Enterprise Deployment

flowchart TD
    USERS["Users"]
    LB["Load Balancer"]
    GATEWAY["AI Gateway Cluster"]

    REDIS["Redis"]
    APP["Spring Boot"]
    LC4J["LangChain4j"]

    OPENAI["OpenAI"]
    AZURE["Azure OpenAI"]
    OLLAMA["Ollama"]

    PROM["Prometheus"]
    GRAF["Grafana"]

    USERS --> LB
    LB --> GATEWAY

    GATEWAY --> REDIS
    GATEWAY --> APP

    APP --> LC4J

    LC4J --> OPENAI
    LC4J --> AZURE
    LC4J --> OLLAMA

    APP --> PROM
    PROM --> GRAF

Best Practices

✅ Make the AI Gateway the only entry point to LLMs.

✅ Centralize authentication and authorization.

✅ Implement distributed rate limiting.

✅ Cache frequently requested responses.

✅ Route requests to the most cost-effective model.

✅ Log prompts and responses securely.

✅ Monitor latency, token usage, and costs.

✅ Apply prompt validation and output filtering.


Common Mistakes

❌ Allowing applications to call LLM providers directly.

❌ Hardcoding provider-specific logic in business services.

❌ Using one model for every workload.

❌ Ignoring AI cost monitoring.

❌ Missing centralized logging and tracing.

❌ Not implementing failover between providers.

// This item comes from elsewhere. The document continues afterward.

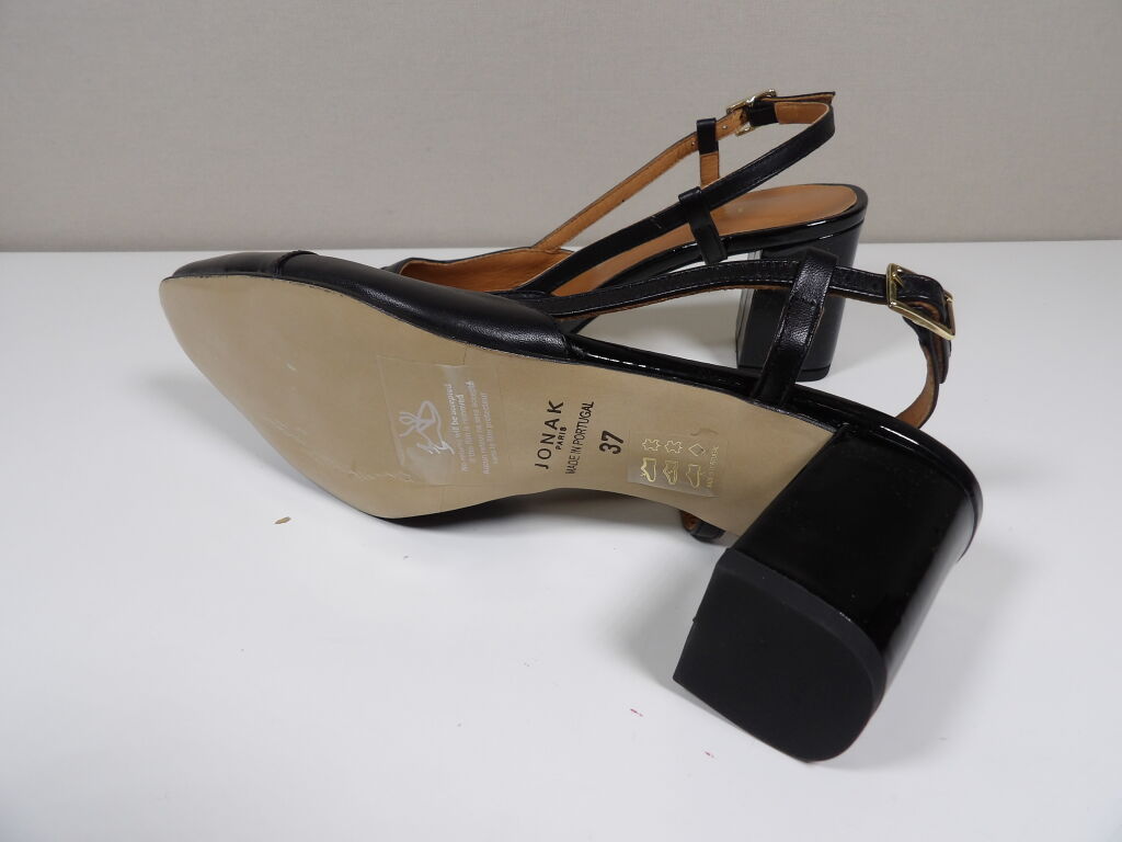 JONAK - Escarpins bi-matière en cuir lisse et vernis noir - Taille 37 - Neuf avec boîte

AI Gateway vs Traditional API Gateway

API Gateway AI Gateway
Routes REST APIs Routes AI requests
Authentication Authentication + AI Security
Rate Limiting Request + Token Rate Limiting
API Routing Intelligent Model Routing
HTTP Metrics Prompt, Token & AI Metrics
API Caching AI Response & Embedding Caching

Enterprise Use Cases

AI Gateways are used for:

  • Enterprise AI Platforms
  • Banking Assistants
  • Insurance Systems
  • Healthcare AI
  • Internal Copilots
  • AI Agents
  • Document Intelligence
  • Customer Support
  • Developer Platforms
  • SaaS AI Products

Advantages

  • Centralized AI governance
  • Simplified security
  • Lower operational costs
  • Vendor independence
  • Better observability
  • Easier scalability

Challenges

  • Additional infrastructure
  • Routing complexity
  • High availability requirements
  • Multi-provider integration
  • Governance and policy management

Production Checklist

Before deploying an AI Gateway:

  • Authentication enabled
  • Authorization enforced
  • Prompt validation configured
  • Response filtering enabled
  • Rate limiting implemented
  • Redis caching configured
  • Multi-model routing tested
  • Provider failover implemented
  • Observability dashboards available
  • Audit logging enabled

Summary

In this article, you learned:

  • What an AI Gateway is
  • Why enterprises use AI Gateways
  • Core gateway responsibilities
  • Multi-model routing
  • AI Gateway architecture
  • RAG and Tool Calling integration
  • Enterprise deployment patterns
  • Best practices

An AI Gateway is the central control plane for enterprise AI applications. It provides a secure, scalable, and cost-efficient way to manage AI services by centralizing authentication, routing, caching, monitoring, and governance while keeping business applications independent of specific AI providers.